Das Faszinierende an 20 Jahren Exoplaneten-Forschung sei, dass keines der bisher entdeckten Sonnensysteme unserem ähnlich ist, sagt Nasa-Astronomin Jennifer Burt im "Astrophysical Journal". Die 4.700 nachgewiesenen Planeten, die um andere Sterne kreisen, bestehen aus giftigen Gasen, Eis oder Lava, sind, wenn felsig, zu finster, zu heiß oder zu kalt oder von Atmosphären umgeben, die gefährliche Dinge wie etwa winzige Glastropfen beinhalten. Auf keinem scheint Leben, wie wir es kennen, nach immer gleichen Abläufen zu entstehen. Es könnte gut sein, dass wir tatsächlich alleine sind. Wäre das schlimm? Nein! Zwar würden sich Hoffnungen, dass es "da draußen" noch etwas gibt, zerstäuben, sonst aber würde das Leben weitergehen. Macht es die Exoplaneten-Forschung obsolet? Auch nicht! Denn wir müssen nicht glauben, sondern wissen, ob andere Welten existieren, und es gibt Milliarden von Himmelskörpern.

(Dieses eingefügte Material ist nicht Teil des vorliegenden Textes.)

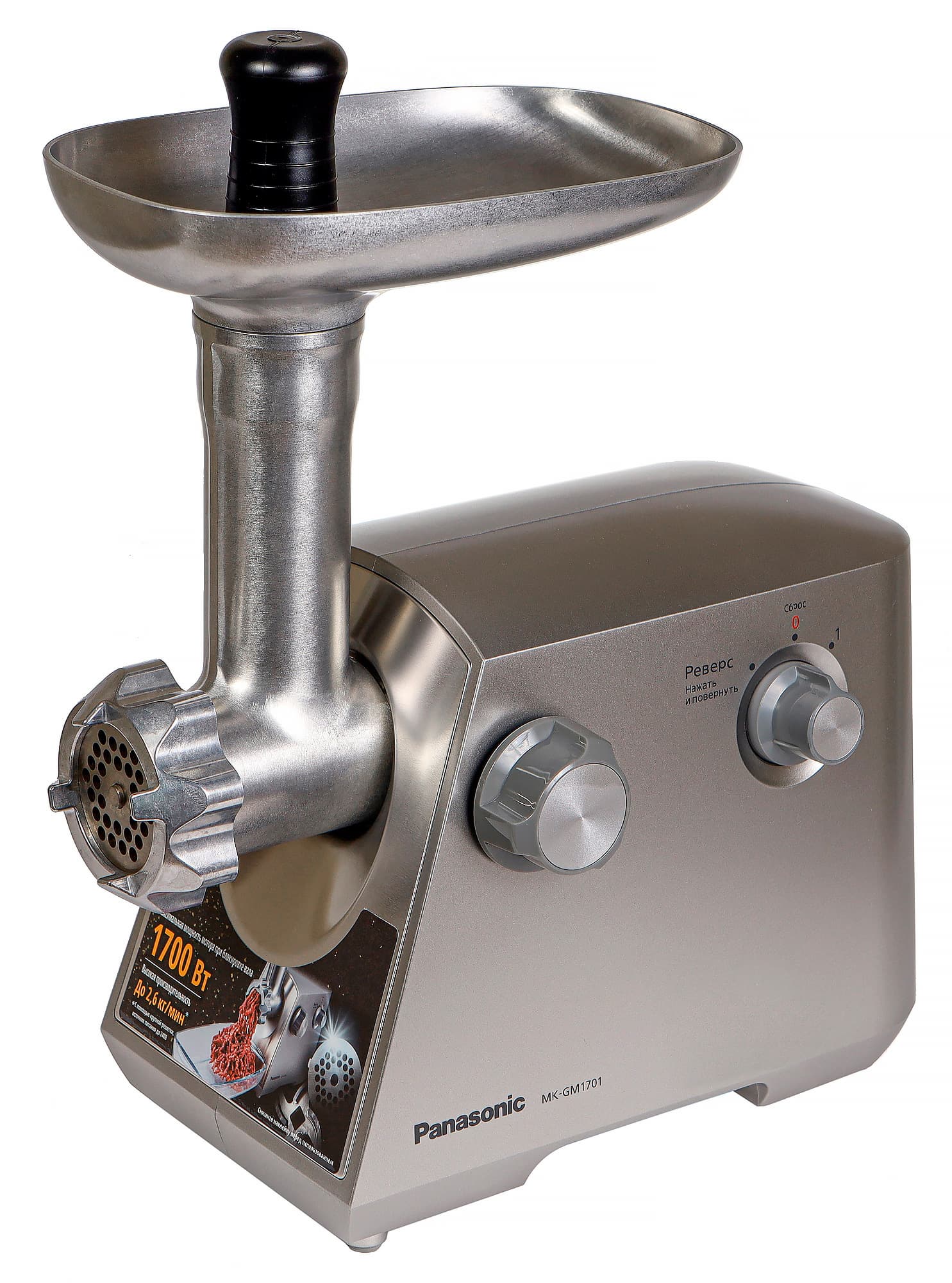 Panasonic MK-GM1701 была выпущена в продажу в конце января 2019 года. Основная ее «фишка» заключается в ножах необычной формы. По заявлению производителя, ножи изготовлены на родине всемирно известных мечей, в японском городе Секи. Panasonic утверждает, что в ходе многочисленных испытаний им удалось создать оптимальную форму ножа. Прибор укомплектован двумя перфорированными решетками: одна со средним с диаметром отверстий в 4,5 мм, вторая с крупными отверстиями овальной формы 8×5 мм.

Der jüngste Neuzugang unter den Exoplaneten ist immerhin weder zu heiß noch zu kalt für Leben. TOI-1231 ist etwas kleiner als Neptun, kreist aber näher um seine Sonne. Der Rote Zwerg NLTT 24399 zählt zu den kühlsten Sternen. Die Nasa rechnet mit Spuren von Wasser in der Planeten-Atmosphäre, für eine felsige Oberfläche sei er aber zu wenig dicht. Auch das inspiriert freilich nicht zum Auswandern. Dennoch zeigt der neue Nachbar Interessantes über unsere kosmische Umgebung. Schon deswegen ist Exoplaneten-Forschung unverzichtbar für unser Selbstverständnis, selbst wenn wir alleine bleiben.